Almost everyone. Over 90% off the world’s population lives in places where air pollution is above WHO guidelines. It is worst in south and east Asia, where most of humanity lives, with traffic, dirty industry and the open burning of waste delivering a triple whammy.
India has almost half of the top 50 most polluted cities in the world, China has eight and Iran has three. Africa is highly polluted but little measured: in 2015 Paris had three times more monitoring stations than the entire continent.
But air pollution still affects rich nations too. “The trends are positive if we look at the last 50 years, but it depends how many deaths are you ready to accept,” says Neira. “We still have 500,000 deaths in Europe [per year] and this is totally unacceptable.”
Children’s developing bodies are uniquely vulnerable, but 300 million live in places with extreme air pollution, where toxic fumes are six times higher than international guidelines.
Are there different types of air pollution?

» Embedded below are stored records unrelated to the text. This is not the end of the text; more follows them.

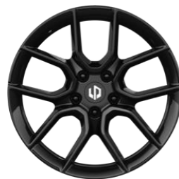
18" lichtmetalen velgen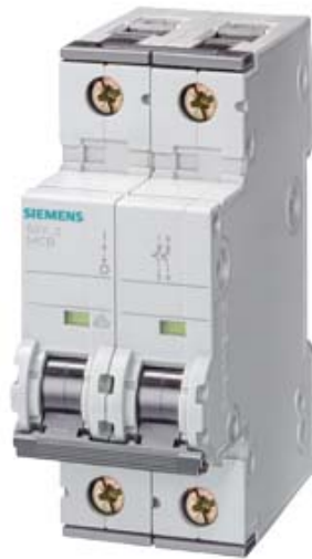
LS-SCHALTER 230V T=70MM 25KA NACH EN 60947-2, 1P+N, C8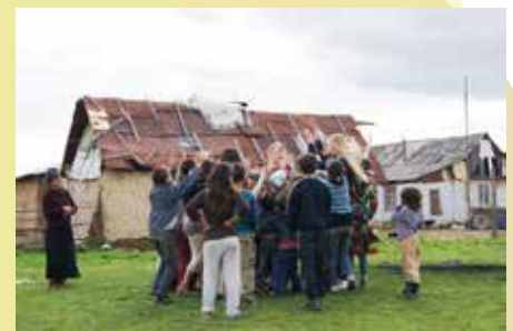
Å boogie, boogie, boogie er alltid ein slager.

- Ein periode døydde åtti personar av kulde i «vårt» område. Om vinteren er det stort behov for varme klede, men om sommaren er det gildare med leiker, seier jentene og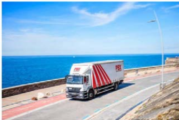
Galiport Vigo confía en Palibex

Por Saúl Camero | 01 Agosto 2024 | tamaño de la fuente | Imprimir | Email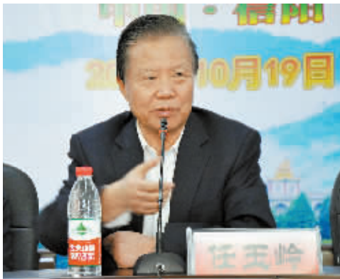
国务院参事任玉岭在研讨会上发表重要讲话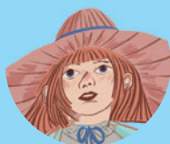
Mary Lennox 119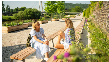
Hoexter-Weserufer-Stadt Hoexter-D. Ketz-2023-282.jpg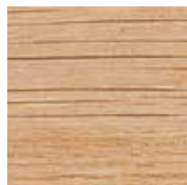
オーク ナチュラルホワイト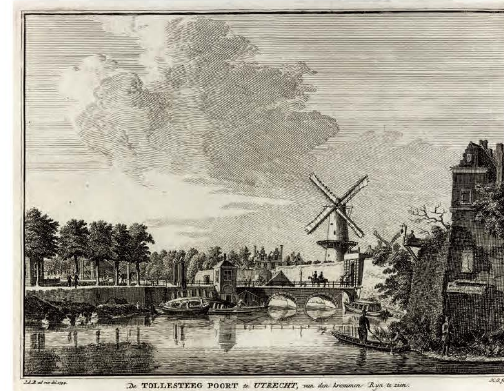
De TOLLESTEEG POORT in UTRECHT, van den Krommen Rijn te zien.

Het Paardenveld was een driehoekig terrein in de noordwestelijke hoek van de stad. In de zestiende eeuw werd er een markt in paarden gehouden. Toen Jan de Beijer het veld in 1745 vanaf de stadswal tekende, was de molen Rijn en Zon, uiterst links op de prent, in aanbouw, terwijl de molen De Meiboom, rechts vooraan, net was voltooid. Op de voorgrond in het midden is een schavot met een galg te zien. Op de achtergrond is het profiel van de stad vanuit het noordwesten weergegeven met in het midden de toren van de Jacobikerk (→ 711) en rechts die van de Dom (→ 703) en de Buurkerk (→ 710).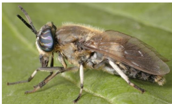
Slika 31. Heptatoma pellucens (odrasla jedinka) (web 14, 24.6.2016.)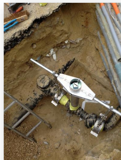
Montage en ligne.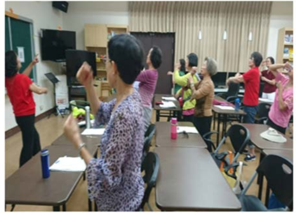
【樂齡學習社團】養生保健手語律動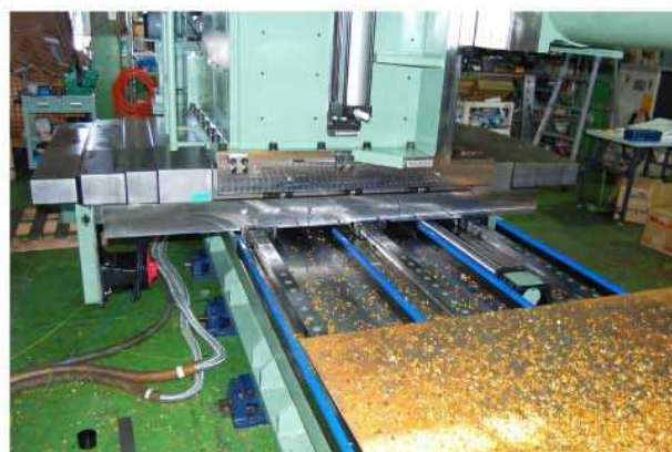
コラム前後-ローラーガイド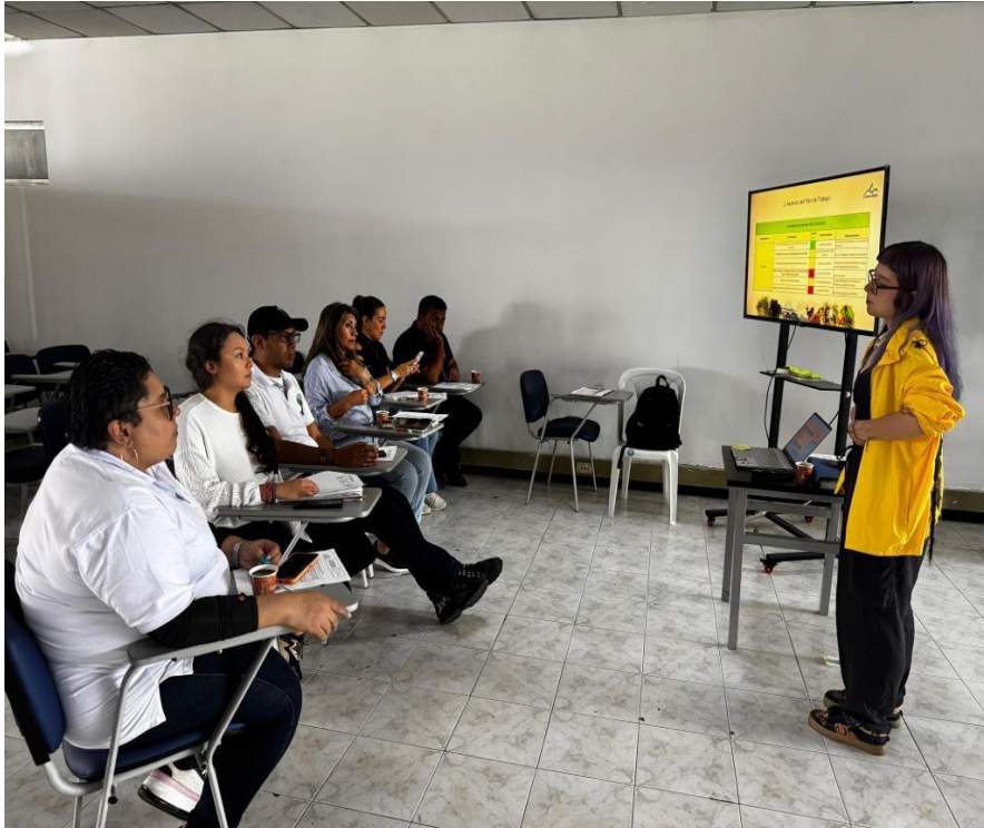
Imagen 8. Tercera reunión Equipo de Gestión Ambiental Institucional-EGAI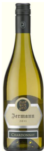
Chardonnay Igt Cod. 1512515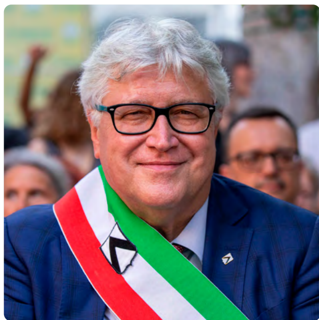
Alberto Felice De Toni Sindaco di Udine

È con grande piacere che accogliamo a Udine le finali nazionali Under 15 di pallacanestro. La nostra terra da sempre ha nutrito una grande passione per questa disciplina e nel passato come oggi continua a sfornare grandi campioni che poi arrivano ai vertici del basket italiano e internazionale. Segno di un movimento che funziona, che attrae, che insegna valori che vanno oltre lo sport inteso come competizione. E' per questo che auguro a tutti i partecipanti non solo di dare il meglio di sé sul parquet ma anche di divertirsi, solidarizzare, aiutare, creare legami e amicizie. Insegnamenti che vanno oltre le vittorie. Un grazie di cuore per essere a Udine a tutte le società presenti, grazie agli organizzatori e alla Federazione.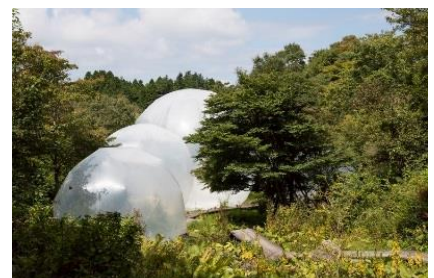
奥中草人《Inter-world-sway》 2017年 六甲オルゴールミュージアム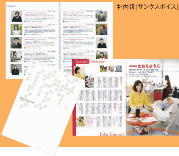
社内報「サンクスボイス」

西日本エリアにおける116センター、104センター(沖縄を除く)を運営するとともに、各企業様に『最高の顧客コンタクト』をご提供できるコンタクトセンターを運営。企業の方針を社員に的確に伝え、スタッフ間のコミュニケーションを向上させる手段として、社内報を制作。西日本を業務エリアとするNTTマーケティングアクトの社内啓蒙ツールを、タウン情報全国ネットを介した制作体制で実施しました。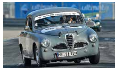
Tourenwagen willkommen: AGDT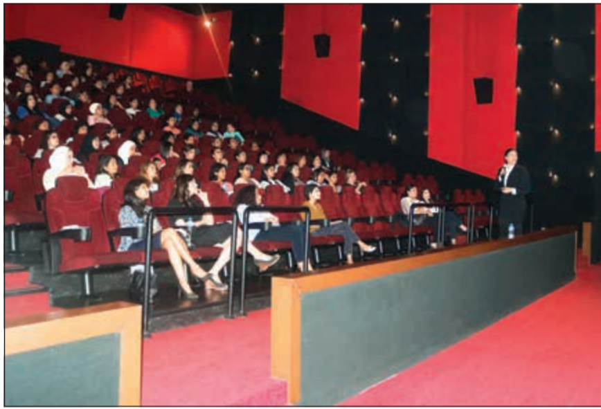
ميتشيل متحدة في الاجتماع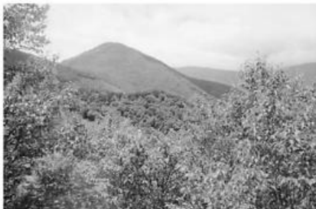
2021年春から黒金山を望む

西沢溪谷から黒金山に登り、牛首のタルから乾徳山林道に下り天科(あましな)に下った。ロングコースである。適当なバス便はなく、マイカーかタクシーを利用せざるを得ない。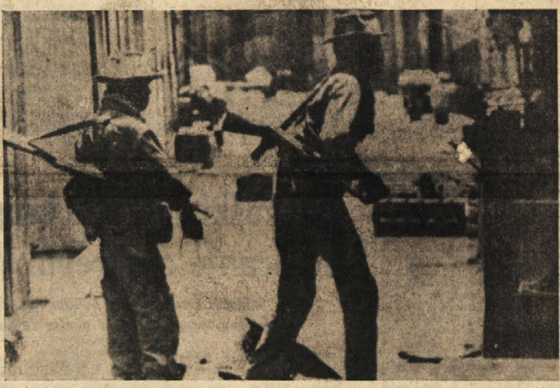
Vojaka kambodže vojske na straži v Chi Phuiju v bližini meje z Vietnamom. Kmalu potem, ko je bila posnela gornja slika, so vas zasledile protivladne sile

Ob 25. obletnici osvojitve minister za šolstvo Restivo je v predloženem zakonu predložil šolskim strokovnjakom, v kateri jih opozarja na visoki morali in vzgojni pomen te obletnice.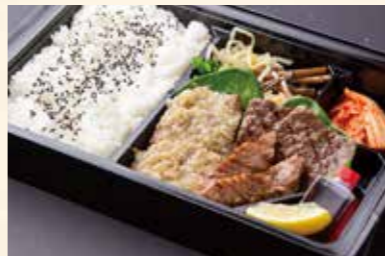
上まんぷく弁当 (名物ねぎタン塩、カルビ、モモ肉) ¥2,400/大盛り ¥3,200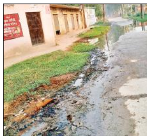
गांव नवाबपुरा में रास्ते पर पसरी गंदगी।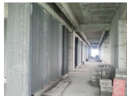
↑图 国际交流中心主楼室内隔墙条板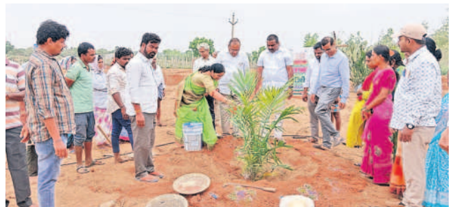
సిద్దిపేటరూరల్ : చిన్నగుండవెల్లిలో మొక్కనాటుతున్న ప్రజాప్రతినిధులు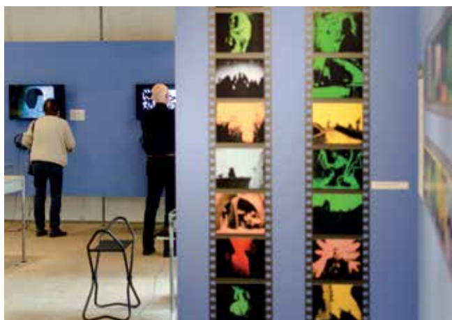
Die Lotte-Reiniger-Ausstellung im Stadtmuseum.

Darüber hinaus erhöht das Kornhaus seine Anziehungskraft durch kleine Ausstellungsformate, die in Zusammenarbeit mit unterschiedlichen Kooperationspartnern entstehen. So zum Beispiel die Belebung der stadtgeschichtlichen Dauerausstellung durch „Interventionsausstellungen“: Kunst in Dialog mit dem Stadtmuseum (seit 2014, zusammen mit regionalen Kunstschaffenden), 150 Jahre Silcherbund (2015, zusammen mit dem gleichnamigen Chor) und Burschen und Bürger (2017, zusammen mit dem Arbeitskreis Tübinger Verbindungen). Auch die Dauerausstellung zu Lotte Reiniger gewann mit zusätzlichen thematischen Wechselausstellungen (2015: Lotte Reiniger und der frühe Trickfilm) an Attraktivität. Die Einrichtung des KIDS-Raums mit Scherenschnitt-, Trickfilm- und Schattenspiel- Mitmachstationen hat ebenfalls dazu beigetragen, dass Lotte Reiniger und ihre Arbeit wieder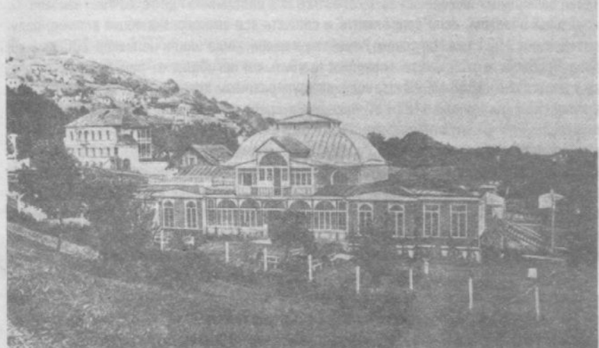
Здание летнего помещения общественного собрания Шуши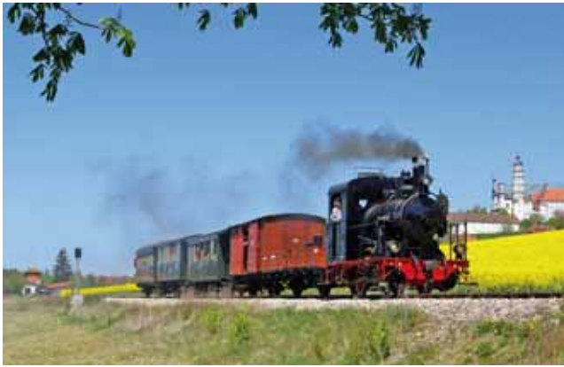
Vorbild: Muster-Museumsbahn feiert Jubiläum. 4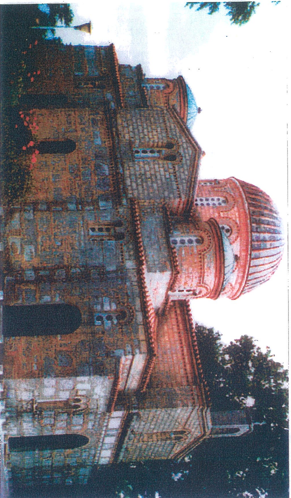
10 ος αιώνας

Ο Ιερός Ναός κοιμήσεως της Θεοτόκου στην Πλάταιά Επισκοπή Τεγέας Αρκαδίας, Η ανακαίνιση έγινε από τον μεγάλο αρχιτέκτονα Ερνέστο Τοϊνλερ και η αγιογράφηση από τον αγιογράφο Αθηνναγόρα Δοτεριάδη με επιμέλεια του Ακαδημαϊκού Α. Ορλάνδου. Η ανακαίνιση του Ναού έγινε το 1884 – 1888 από τον Τεχνατικό Σύνδεσμο.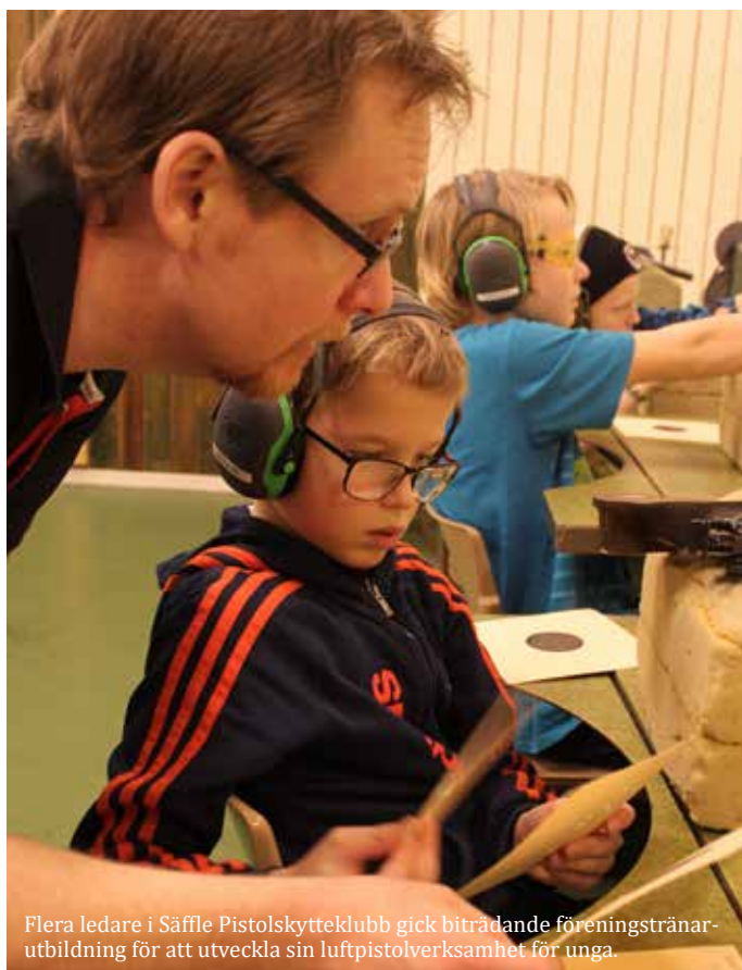
Flera ledare i Säffle Pistolskytteklubb gick biträdande föreningstränarutbildning för att utveckla sin luftpistolverksamhet för unga.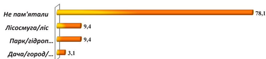
Рис. 1. Місцевість, де відбувалися напади кліщів на вагітних (n=32), %.

Порівнювали частоту виявлення специфічних антитіл до борелій у сироватках крові цих вагітних і у хворих з різними недугами, а також у лісників Тернопільщини. Так, у вагітних зазначені антитіла знаходили частіше, ніж у пацієнтів із туберкульозом, які лікувались стаціонарно у КНП «Тернопільський регіональний фтизіопульмонологічний медичний центр Тернопільської обласної ради», серед яких серопозитивних виявили лише 25,2 % осіб [14], і у хворих із ураженнями нервової системи – 37,0 % пацієнтів, за даними відділу реабілітації Інституту соціальної безпеки міста Мехіко [15]. Проте у пацієнтів з обмеженою склеродермією, які проходили лікування в КУТОР «Тернопільський обласний клінічний шкірно-венерологічний диспансер», інфікованих бореліями було значно більше – 52,5 % осіб [16]. Щодо результатів скри-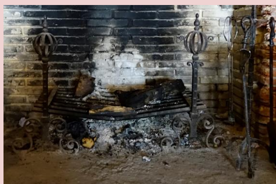
Imagem (s/escala) da peça de mobiliário CSJ CL PM MO 015

Data 31/07/2017 | Atualizado a 31/07/2020

Yes. The most damaging but best understood are tiny particles. These not only damage the lungs, but enter the bloodstream. They are increasingly thought to enter vital organs, including the brain and have been shown the reach the liver, spleen, kidneys and testes in lab animals.
The particles can be made of black carbon, nitrates, sulphates, ammonia or mineral dust. Most are produced by burning fossil fuels or wood, for driving, heating, power plants and industry.
While improvements have been made in some countries, for example, to coal-fired power stations and cars, other sources have lagged behind. Farming is one such source of pollution, with ammonia from livestock manure and fertilisers blowing into cities and forming particles, particularly in spring time when crops are sown and muck is spread.
Nitrogen dioxide, produced by diesel vehicles, not only forms particles but is now known to cause harm when breathed as a gas. It is still illegally high in much of urban Britain, for example, where it results in about 23,500 early deaths.
Other pollutants include sulphur dioxide, which is usually stripped out of vehicle fuels but still very high in ship and aviation fuels. Ground-level ozone, which forms on sunny days, harms people but also crops: 7-12% of the global wheat crop is estimated to be lost. In India, crop yields are reduced by 28% by ozone.
There are some natural sources of outdoor air pollution, such as dust storms and smoke from forest fires, but human-caused pollution far exceeds these. Outdoor air pollution causes 4.2 million early deaths, according to the WHO.
What about indoors?
This is also a huge killer, causing 3.8 million early deaths. (Some people are exposed to both indoor and outdoor pollution). Half the world’s population cook on open fires with dirty fuels such as wood, dung and charcoal, and kerosene in wick lamps also produces dangerous smoke.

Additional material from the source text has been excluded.